Sue Grafton – “B” Is for Burglar

“Well, I don’t know what to think,” she said. “She always bought her tickets through us, but this one was purchased at the airport.” She touched at one corner of the carbon, turning the ticket around so I could see the face of it. It reminded me of those teachers in grade school who somehow managed to read a picture book while holding it forward and to one side. “These numbers indicate that it was generated by the airline and paid for by credit card.”

“What kind of credit card?”

“American Express. She usually uses that for travel, but I tell you what’s odd. She’d made reservations for… wait a minute. Let me check.” Lupe typed some numbers into her computer terminal, nails tap-dancing across the keys. The computer fired out line after line of green print-like tracers. She studied the screen.

“She was scheduled to fly out of LAX, first class, on February third, with a return 3 August and those tickets were paid for.”

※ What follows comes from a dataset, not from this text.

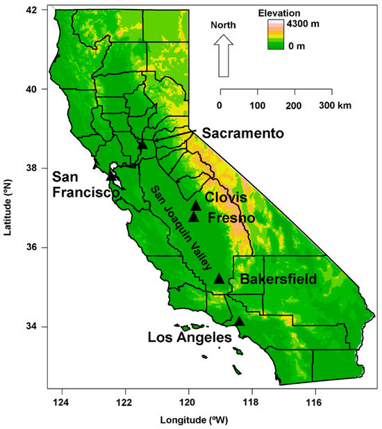 The focus of this study is the SJV. The SJV is located in the southern half of the Central Valley of California. The SJV is largely rural and produces a significant part of the agricultural output of the state but also has large urban centers (Stockton/Modesto, Fresno, Visalia, and Bakersfield). The climate here includes hot, dry summers and mild winters with dense tule fog. Rain typically occurs during the winter and spring. The SJV is an ethnically diverse area, with about half the population being Latino. Additionally, the SJV has one of the highest percentages of the population living below the federal poverty line in the United States. The area has coastal ranges to the west and the Sierra Nevada to the east. These mountains tend to create poor dispersal conditions, and therefore, air pollutants can remain for extended periods of time, creating one of the most polluted air sheds in the country for PM2.5. This study uses long-term air quality data collected from Fresno, Clovis, and Bakersfield (Figure 1).

“I hear she left on the spur of the moment,” I said. “If she set up the reservations over the weekend, she’d have had to go through the airlines, wouldn’t she?”

“Sure, but she wouldn’t just forget about the tickets she had. Hold on a sec and I’ll see if she ever picked ‘em up. She could have traded ‘em in.”

She got up and moved over to the file cabinet on the far wall, sorting through her files. She pulled out a packet and handed it to me. It was a set of tickets and an itinerary, tucked into a travel folder from the agency. Elaine’s name was neatly typed across the front.

“That’s a thousand dollars’ worth of tickets,” Lupe said. “You’d think she’d have called us and had ‘em cashed in when she got to Boca.”

I felt a chill. “I’m not sure she got there,” I said. I sat for a full minute with the unused tickets in my hand. What was this? I reached into my purse and pulled out the original TWA folder Julia Ochsner had mailed to me. On the back flap, there were the four luggage tags sequentially numbered and still stapled firmly in place. Lupe was watching me.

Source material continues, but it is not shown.